Problem to work on:
Each line of the listing below must be retyped exactly, with images left out.

Data records:
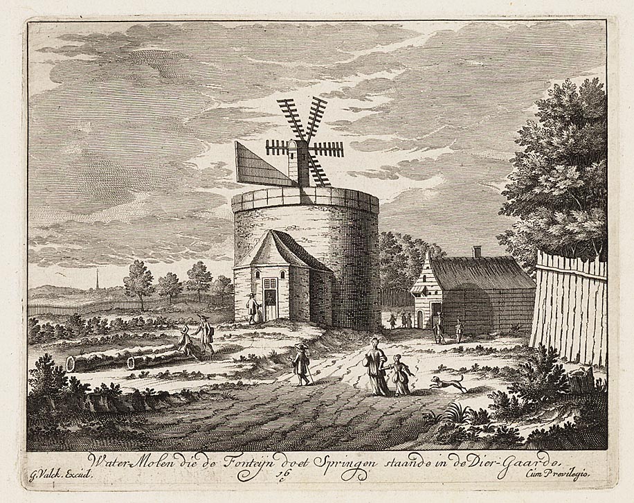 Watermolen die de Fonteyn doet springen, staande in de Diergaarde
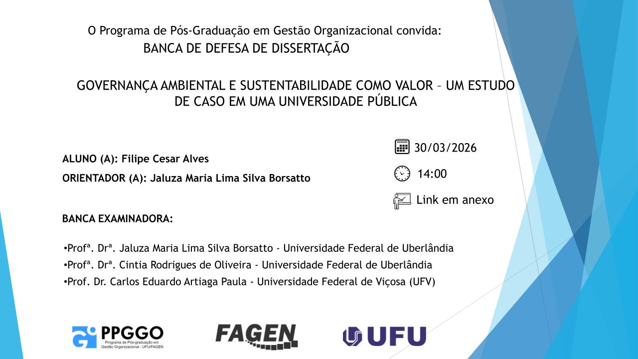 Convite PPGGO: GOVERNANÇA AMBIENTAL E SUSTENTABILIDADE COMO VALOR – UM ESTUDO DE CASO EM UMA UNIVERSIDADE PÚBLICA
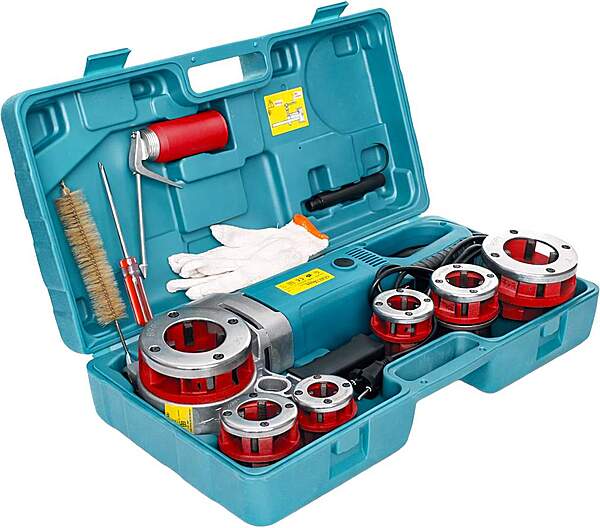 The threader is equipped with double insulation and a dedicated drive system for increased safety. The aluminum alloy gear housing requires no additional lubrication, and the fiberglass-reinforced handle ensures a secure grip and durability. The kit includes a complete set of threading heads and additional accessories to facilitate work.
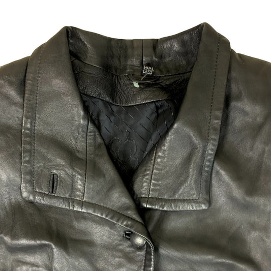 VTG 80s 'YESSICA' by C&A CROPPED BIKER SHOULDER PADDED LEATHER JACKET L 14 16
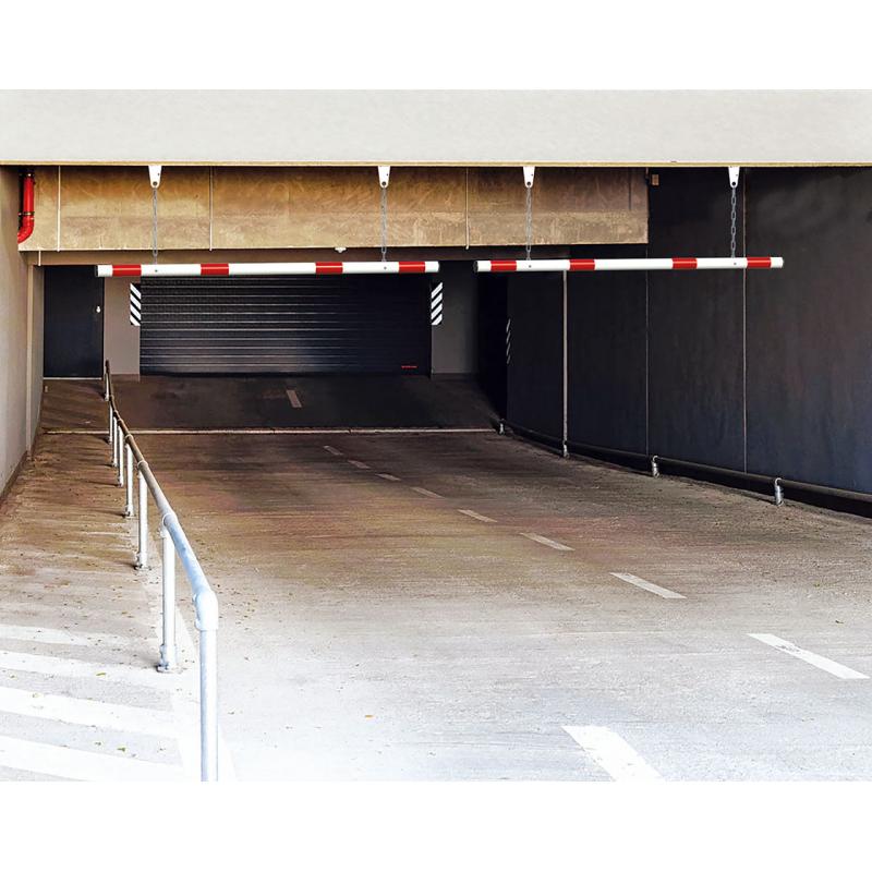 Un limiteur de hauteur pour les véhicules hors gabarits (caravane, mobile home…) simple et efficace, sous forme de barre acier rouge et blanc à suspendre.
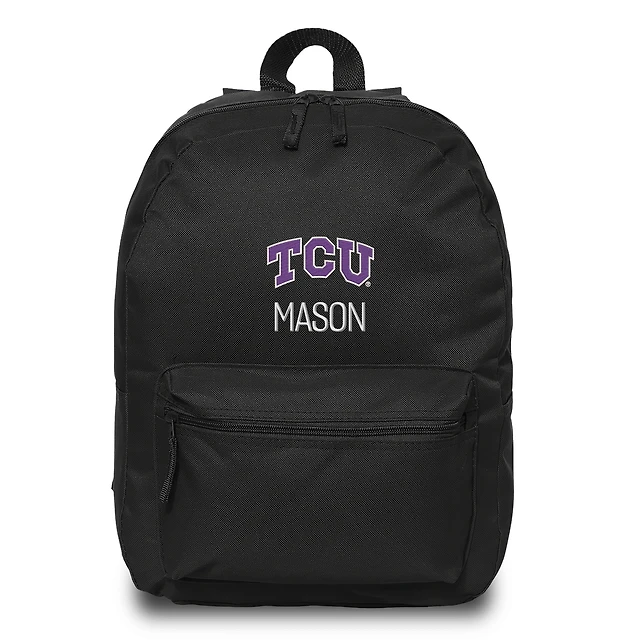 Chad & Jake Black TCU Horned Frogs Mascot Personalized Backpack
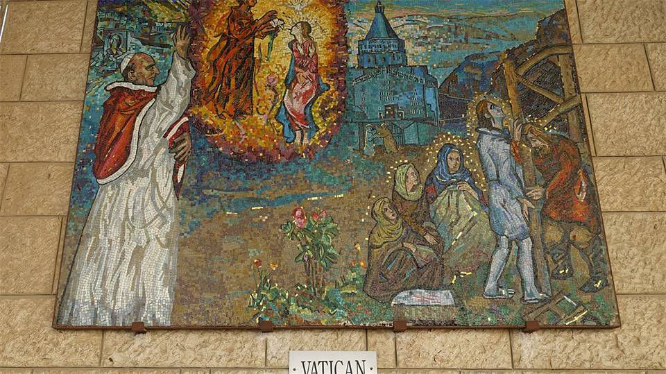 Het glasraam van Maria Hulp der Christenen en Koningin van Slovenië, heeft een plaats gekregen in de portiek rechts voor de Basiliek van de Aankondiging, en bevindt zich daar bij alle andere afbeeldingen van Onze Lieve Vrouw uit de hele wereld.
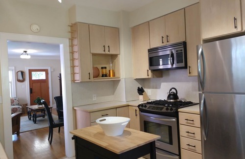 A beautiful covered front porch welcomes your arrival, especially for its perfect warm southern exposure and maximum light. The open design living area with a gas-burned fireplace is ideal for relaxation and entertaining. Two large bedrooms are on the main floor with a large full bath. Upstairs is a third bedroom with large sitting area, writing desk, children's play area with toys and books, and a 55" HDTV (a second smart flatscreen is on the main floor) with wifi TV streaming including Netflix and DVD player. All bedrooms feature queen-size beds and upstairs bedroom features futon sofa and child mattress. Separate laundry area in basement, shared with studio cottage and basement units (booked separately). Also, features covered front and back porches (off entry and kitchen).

Solution below:
 Watermolen die de Fonteyn doet springen, staande in de Diergaarde
 Convite PPGGO: GOVERNANÇA AMBIENTAL E SUSTENTABILIDADE COMO VALOR – UM ESTUDO DE CASO EM UMA UNIVERSIDADE PÚBLICA
 The threader is equipped with double insulation and a dedicated drive system for increased safety. The aluminum alloy gear housing requires no additional lubrication, and the fiberglass-reinforced handle ensures a secure grip and durability. The kit includes a complete set of threading heads and additional accessories to facilitate work.
 VTG 80s 'YESSICA' by C&A CROPPED BIKER SHOULDER PADDED LEATHER JACKET L 14 16
 Un limiteur de hauteur pour les véhicules hors gabarits (caravane, mobile home…) simple et efficace, sous forme de barre acier rouge et blanc à suspendre.
 Chad & Jake Black TCU Horned Frogs Mascot Personalized Backpack
 Het glasraam van Maria Hulp der Christenen en Koningin van Slovenië, heeft een plaats gekregen in de portiek rechts voor de Basiliek van de Aankondiging, en bevindt zich daar bij alle andere afbeeldingen van Onze Lieve Vrouw uit de hele wereld.
 A beautiful covered front porch welcomes your arrival, especially for its perfect warm southern exposure and maximum light. The open design living area with a gas-burned fireplace is ideal for relaxation and entertaining. Two large bedrooms are on the main floor with a large full bath. Upstairs is a third bedroom with large sitting area, writing desk, children's play area with toys and books, and a 55" HDTV (a second smart flatscreen is on the main floor) with wifi TV streaming including Netflix and DVD player. All bedrooms feature queen-size beds and upstairs bedroom features futon sofa and child mattress. Separate laundry area in basement, shared with studio cottage and basement units (booked separately). Also, features covered front and back porches (off entry and kitchen).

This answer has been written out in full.